RegexOptions enum can be used as parameter when creating a Regex to modify the behaviour.

  • RegexOptions.None

    Use default behavior.

  • RegexOptions.IgnoreCase

    Use case-insensitive matching.

  • RegexOptions.Multiline

    Use multiline mode, where ^ and $ indicate the beginning and end of each line (instead of the beginning and end of the input string).

  • RegexOptions.Singleline

    Use single-line mode, where the period (.) matches every character (instead of every character except \n).

  • RegexOptions.ExplicitCapture

    Do not capture unnamed groups. The only valid captures are explicitly named or numbered groups of the form (?<name> subexpression).

  • RegexOptions.Compiled

    Compile the regular expression to an assembly.

  • RegexOptions.IgnorePatternWhitespace

    Exclude unescaped white space from the pattern, and enable comments after a number sign (#).

  • RegexOptions.RightToLeft

    Change the search direction. Search moves from right to left instead of from left to right.

  • RegexOptions.ECMAScript

    Enable ECMAScript-compliant behavior for the expression.

  • RegexOptions.CultureInvariant

    Ignore cultural differences in language.

  • RegexOptions.NonBacktracking

    Match using an approach that avoids backtracking and guarantees linear-time processing in the length of the input. (Available in .NET 7 and later versions.)

GeneratedRegex

The GeneratedRegex attribute is a feature introduced in C# 10 (with .NET 7) that allows you to create source-generated regular expressions.
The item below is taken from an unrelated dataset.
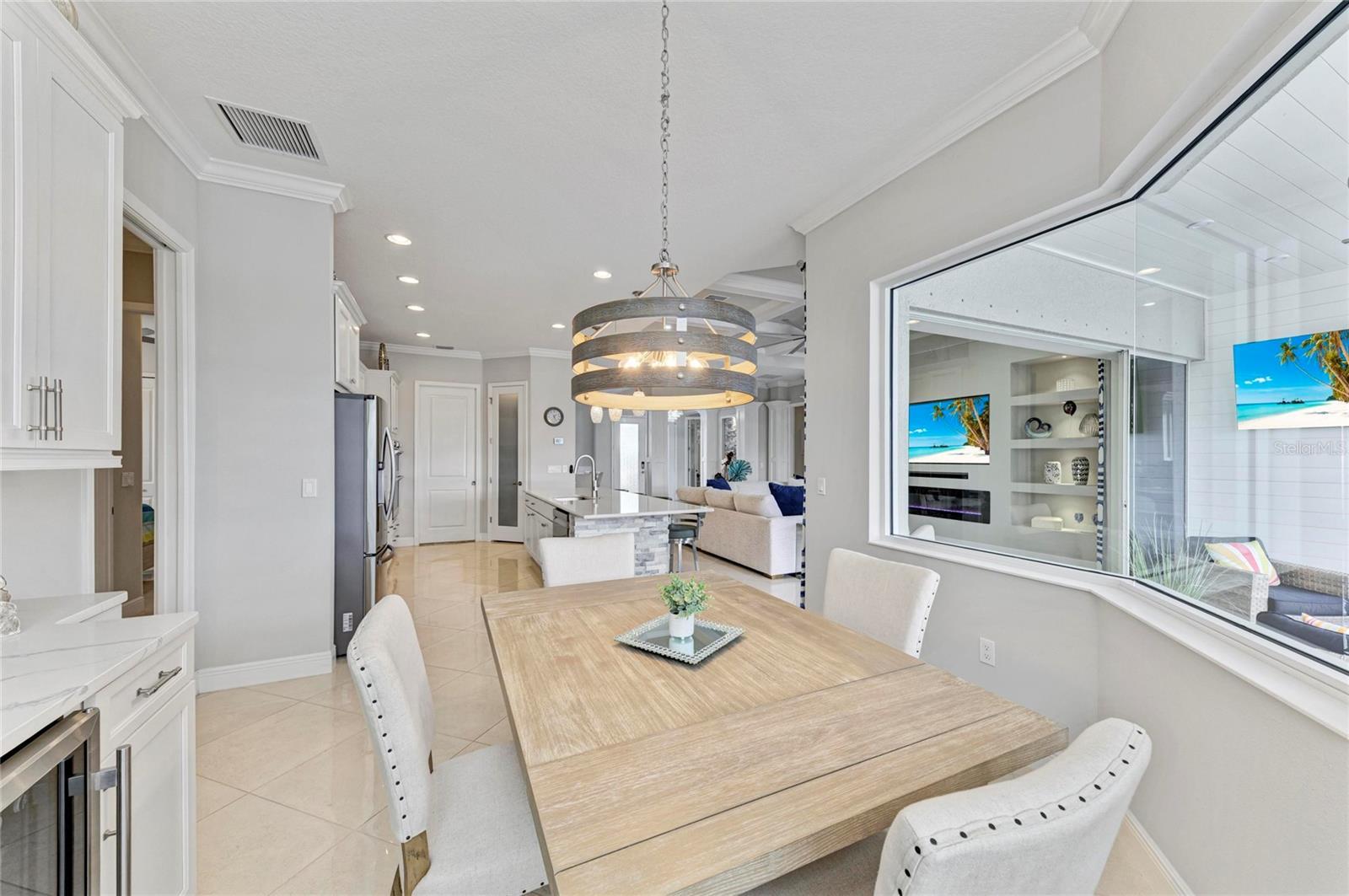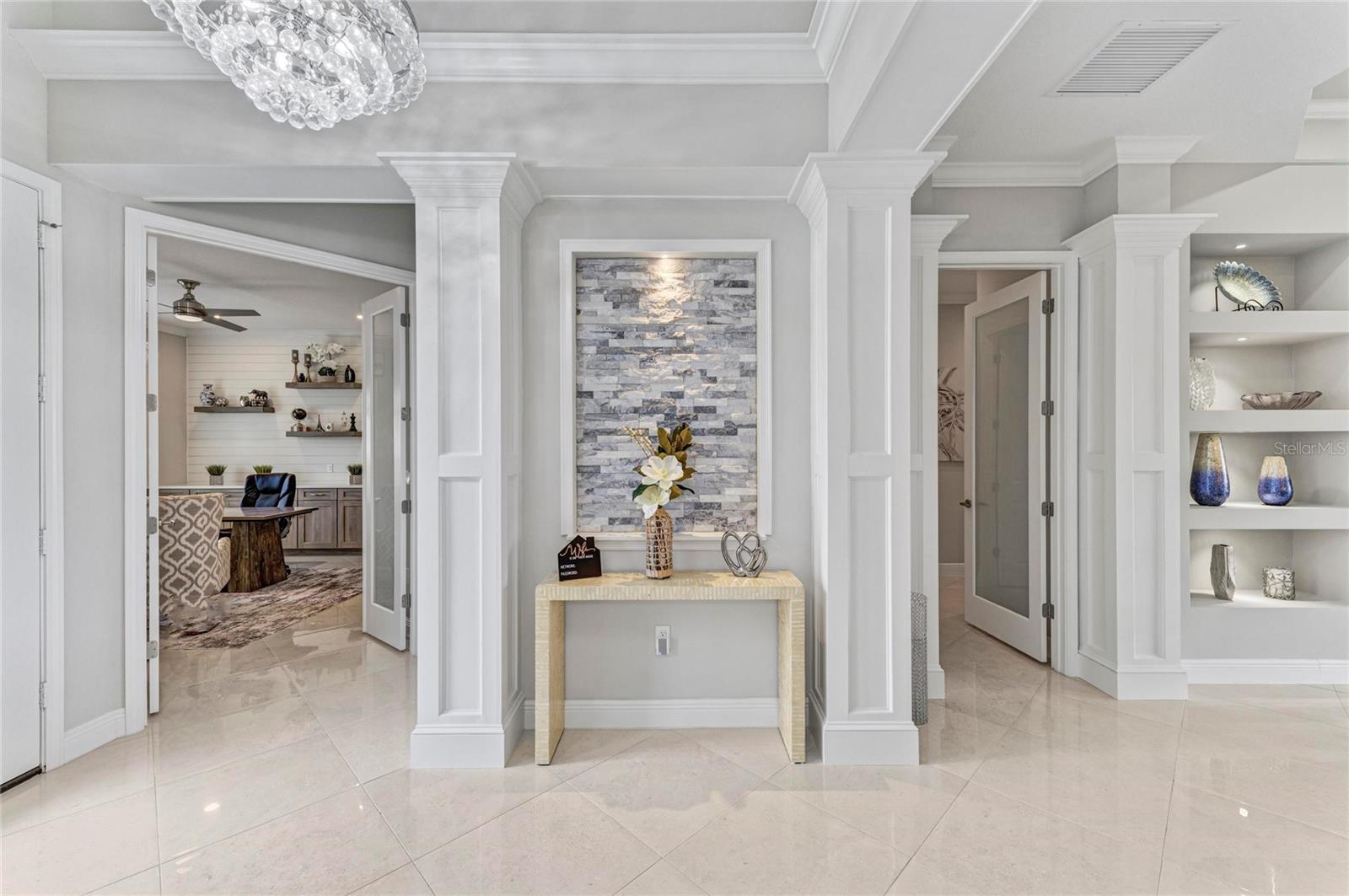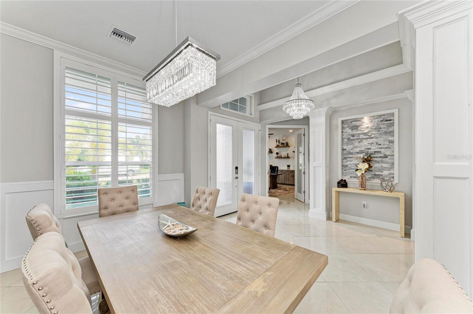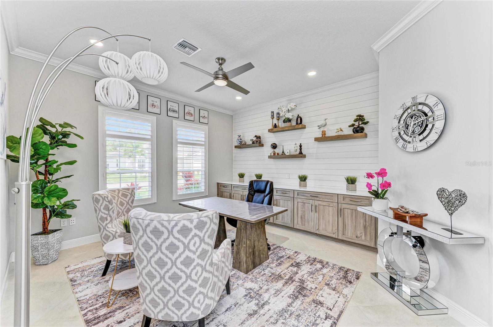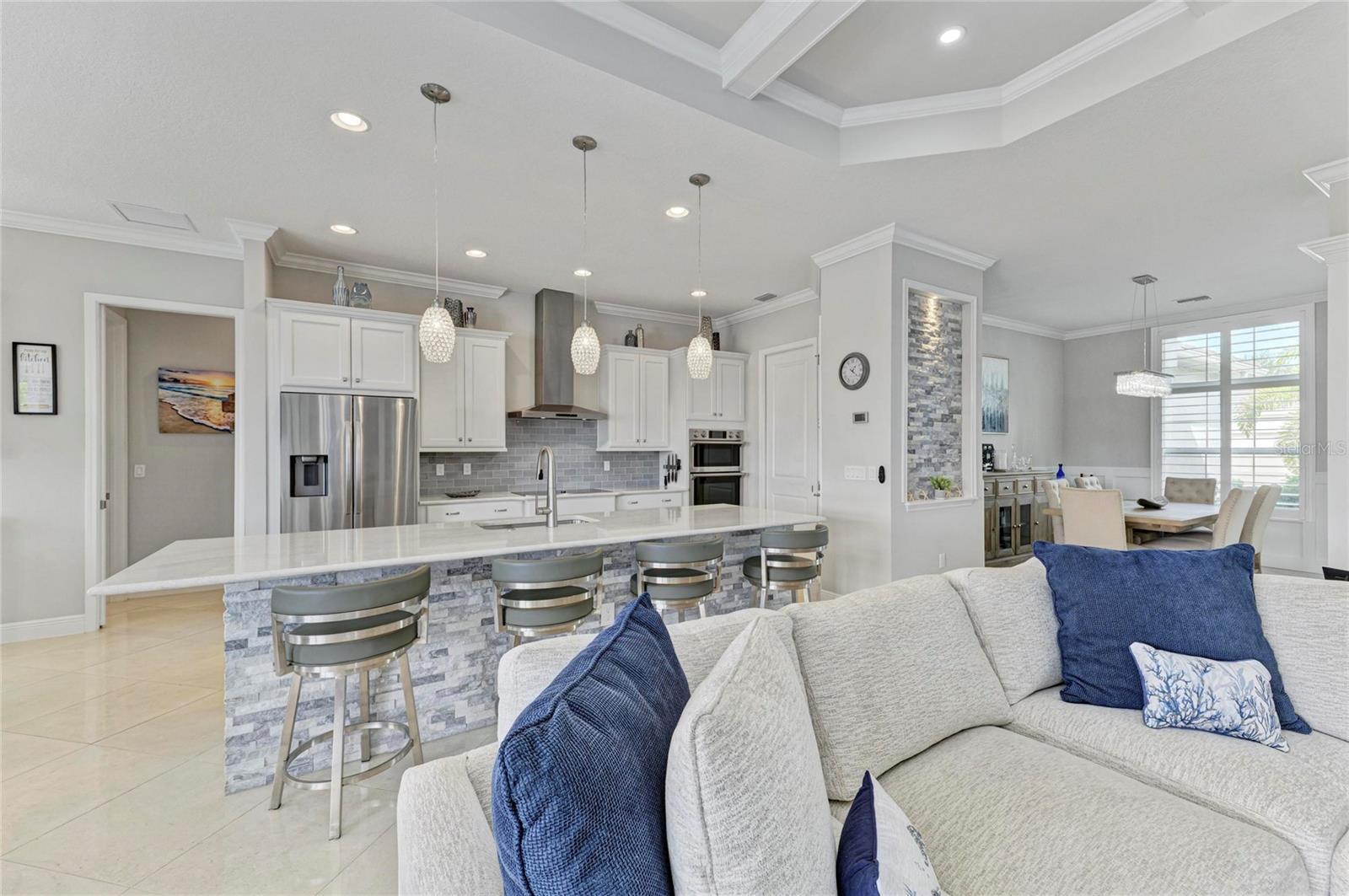 Upon entering the Gates of this Beautiful Boutique Enclave community Waverley of 110 homes you will not be disappointed! Medallion Home constructed this gated community of single-family residences, offering a selection of Luxury Homes. Located on a tranquil spacious lake lot. The Aruba open floor plan concept 3-bedroom 2 -bath plus office. Great Room highlights gorgeous ceiling details, tray with recessed lighting featuring daytime and nighttime ambiance, media wall built in with lights, electric fireplace, polished porcelain tile flooring throughout. Home has plantation shutters, a frosted front entry door along with all bedrooms, and office doors which give this home an elegant feeling! The gourmet kitchen features a quartz Island accented with stone detail, gourmet cabinets, vivid lighting, glass tile backsplash, an induction cooktop, microwave mounted on the wall, and an oven with a special insert that allows for two separate temperature zones, stainless steel appliances and a matching exhaust system complete the space, making it both functional and visually appealing. Owners Suite features custom accent wall on a diamond pattern, niche with shiplap, crown molding, custom tray ceiling with led lighting, recessed lighting, and fan, also door that leads out to lanai. Owners Bathroom features Illuminated mirrors, double vanity with quartz counter tops and floor to ceiling walk in shower. Office space seller has added shiplap wall, custom cabinets with quartz, crown molding, recessed lighting, and fan. As you step outside you have an extended lanai covered area with ceiling and wall special outdoor shiplap made for outdoors only. Lots of areas for entertaining. Outdoor day and night light that change color. Outdoor kitchen area with refrigerator, sink and grill that overlooks beautiful pool and lake. Owner had company installed a screen that is on a remote that comes down for privacy. Paver driveway leads you to the 3-car right-hand side load oversized garage. AC has 3 zones. So many upgrades to mention! Nestled in one of Sarasota’s top-rated school districts, this exclusive neighborhood combines elegance with an exceptional lifestyle including water irrigation, walking trails, and great convenience to I-75. Waverley is a short drive to Sarasota’s best beaches, Siesta Key, Lido Beach, golf courses and close to everyday shopping conveniences. No CDD and low HOA fees.

It generates highly optimized, compile-time regex code, eliminating the overhead of interpreting or compiling regex patterns at runtime.

This approach improves both performance and maintainability, especially for frequently used regex patterns.

Example:

partial class Test
{
    // Define a source-generated regex
    [GeneratedRegex(@"\b\d{4}-\d{2}-\d{2}\b", RegexOptions.Compiled)]
    private static partial Regex DateRegex();
}

The GeneratedRegex attribute works only with a partial method declaration, which implies that the containing class must also have the partial modifier.